I use this for a lot of things, it has no number? Dries clear. Lasts in the bottle. Store at room temp. A little dab will do it.


----------



## gunrunnerjohn (Nov 10, 2010)

A tip that seems counterintuitive, wet the joint you're going to use CA adhesive on. I was surprised to read this, and I was truly skeptical. I gave it a try, and what do you know, it works! It cures much faster without the accelerator! The key is that CA hardens in the absence of air, and the water keeps the air out. Who knew, usually you're trying to keep glue joints dry, it' seems odd to wet them!


----------



## CTValleyRR (Jul 26, 2014)

gunrunnerjohn said:


> A tip that seems counterintuitive, wet the joint you're going to use CA adhesive on. I was surprised to read this, and I was truly skeptical. I gave it a try, and what do you know, it works! It cures much faster without the accelerator! The key is that CA hardens in the absence of air, and the water keeps the air out. Who knew, usually you're trying to keep glue joints dry, it' seems odd to wet them!
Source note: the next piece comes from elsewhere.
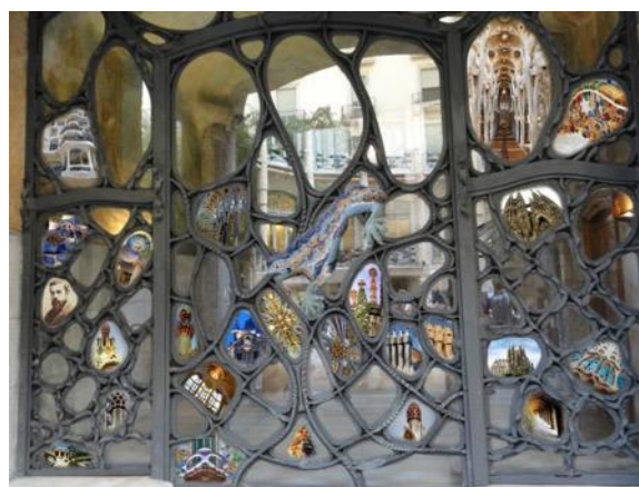
2º premio “El Mago Antonio Gaudí” de Piotr Wierzchowski
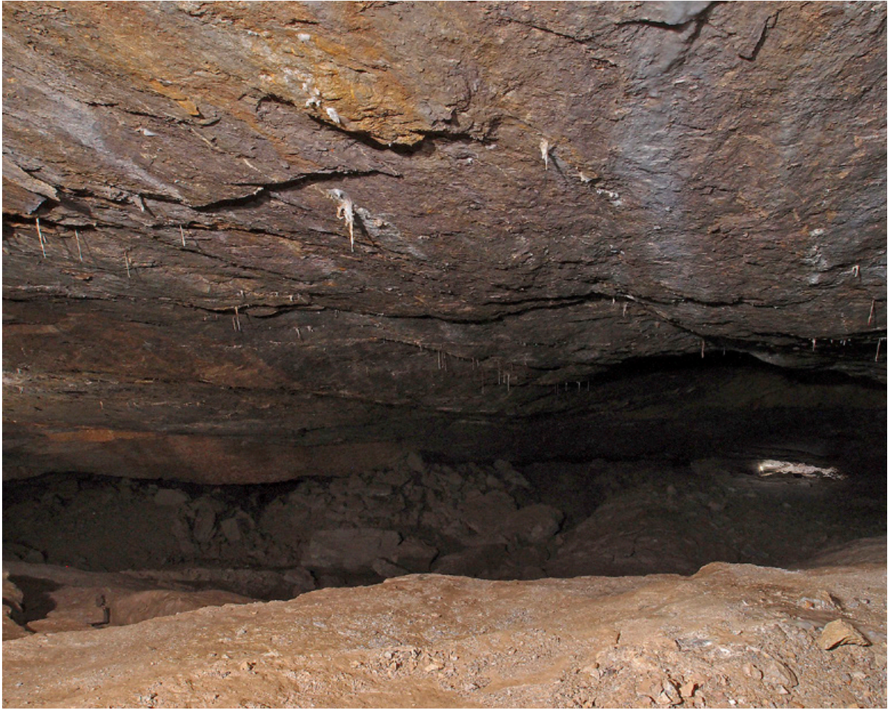
Vista parcial de la Sala del Ágora.

Llegar hasta allí abajo exige descender un rosario de pozos muy activos y obviamente limpios (¡cómo no iban a estarlo!), que requieren de una instalación bastante atlética para evitar cualquier contacto con el agua.

I learned that the hard way too. Those "accelerator" sprays are just inert gas which keeps air away from the joint.


----------



## Lemonhawk (Sep 24, 2013)

its the same stuff Doctors use to glue you back together instead of using stiches or staples.


----------



## OilValleyRy (Oct 3, 2021)

I did some price checking at Menards yesterday. 
Using the photo in post #13 as reference:
Black bottle/blue cap was $1.98.
Silver bottle/black cap was I think $2.50 or $2.89…. Under $3 any way.
Gorilla brand same size bottle was $6. 
JB Weld brand around $4.50 or $5.

3 for 1.


----------



## kilowatt62 (Aug 18, 2019)

$1.98 to $2.89. There ya have it then. Loctite is the all around winner here. Including price. 
I just happened to find the loctite stuff that I started this thread with on a deep sale. 
Up until that point, I had been using BSI (Bob Smith Industries) brand, medium gap filling ca glue gel in the purple bottle. It works very well too. 
Havent used Gorilla ca but, do use a different type from them. I will say that, they do make some ridiculously strong tapes.


----------



## Murv2 (Nov 5, 2017)

Lemonhawk said:


> its the same stuff Doctors use to glue you back together instead of using stiches or staples.
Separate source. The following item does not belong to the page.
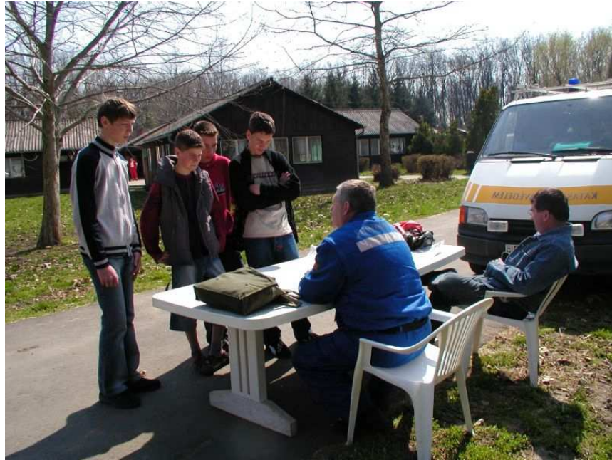
22. számú kép polgári védelmi tájékoztatása fiataloknak

I had a doctor try that on me, hurt worse than the cut did. I was fine until he started working on me, then I had to lie down.


----------



## MichaelE (Mar 7, 2018)

CA generates heat as it cures so care must be taken when used on skin. I find that it does work well for closing cuts and keeping them closed in odd locations when a bandage is likely to come off or will not conform to the curve of the part you are trying to attach it to.

My latest episode of running a turnout point into my finger is a good example of where CA worked very well. The cut stayed closed and healed in less than a week.


----------



## JeffHurl (Apr 22, 2021)

CA glue is also really good for closing up cracks due to dry skin, like around your nails and heels.


----------